Instructions to follow :: Because the images are not wanted, restate every line below word for word without them.

Recorded information ::
'''

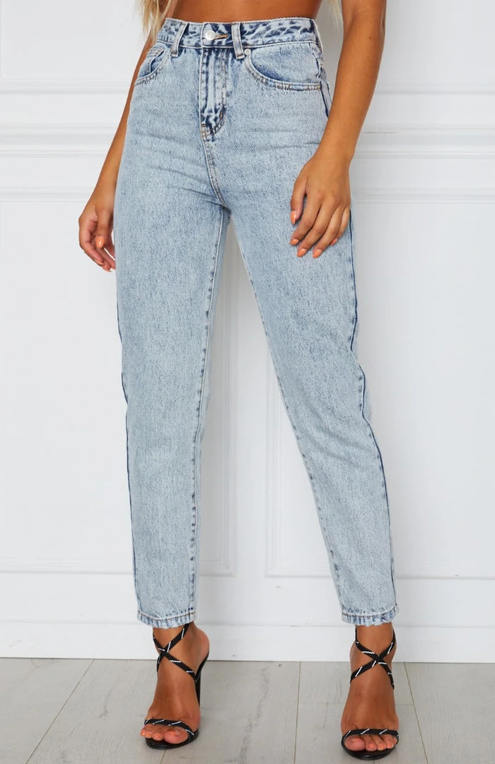The What Goes Around Boyfriend Jeans in Washed Blue Denim are a must have for any wardrobe. These relaxed boyfriend jeans are high waisted with slight distressed hem detailing, 5 pocket design, belt loops, silver button closure, frayed back rip, reflective text embroidery on back pocket & zip at front, and are full length and can be rolled to desired length. Complete the look with crops or t-shirts for a casual but cute everyday look.
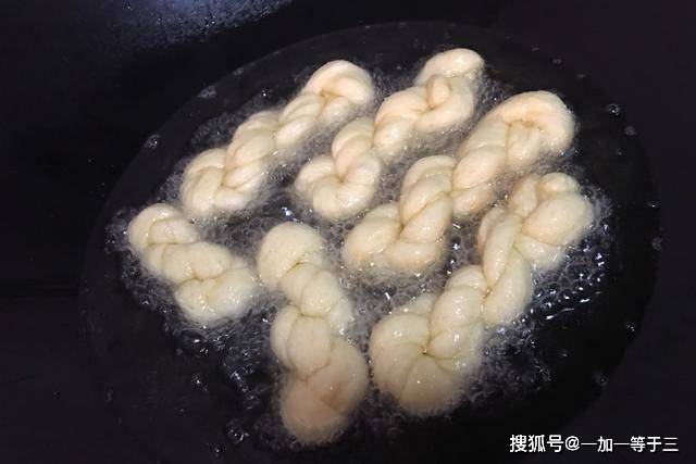 9、锅内倒油,等待油温6成热,依次下入麻花,用中小火炸,等一面定型后,再翻另外一面,用筷子勤翻动,麻花正反面都炸成金黄色,即可控油出锅。
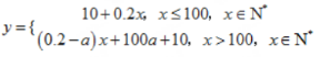 解 析:(1)i)x≤100,y=68+0.2x-58=10+0.2x ii)当x>100,y=68+0.2x-[58+(x-100)a]=(0.2-a)x+100a+10
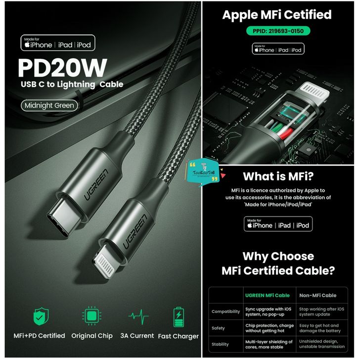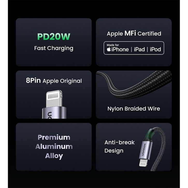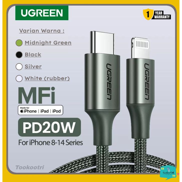 UGREEN Kabel Data Charger for Iphone MFI Type C to Lightning 20W 3A PD Fast Charging Untuk Iphone seri 14 13 pro Max 1

'''

Response for this exercise ::
The What Goes Around Boyfriend Jeans in Washed Blue Denim are a must have for any wardrobe. These relaxed boyfriend jeans are high waisted with slight distressed hem detailing, 5 pocket design, belt loops, silver button closure, frayed back rip, reflective text embroidery on back pocket & zip at front, and are full length and can be rolled to desired length. Complete the look with crops or t-shirts for a casual but cute everyday look.
 9、锅内倒油,等待油温6成热,依次下入麻花,用中小火炸,等一面定型后,再翻另外一面,用筷子勤翻动,麻花正反面都炸成金黄色,即可控油出锅。
 解 析:(1)i)x≤100,y=68+0.2x-58=10+0.2x ii)当x>100,y=68+0.2x-[58+(x-100)a]=(0.2-a)x+100a+10
 UGREEN Kabel Data Charger for Iphone MFI Type C to Lightning 20W 3A PD Fast Charging Untuk Iphone seri 14 13 pro Max 1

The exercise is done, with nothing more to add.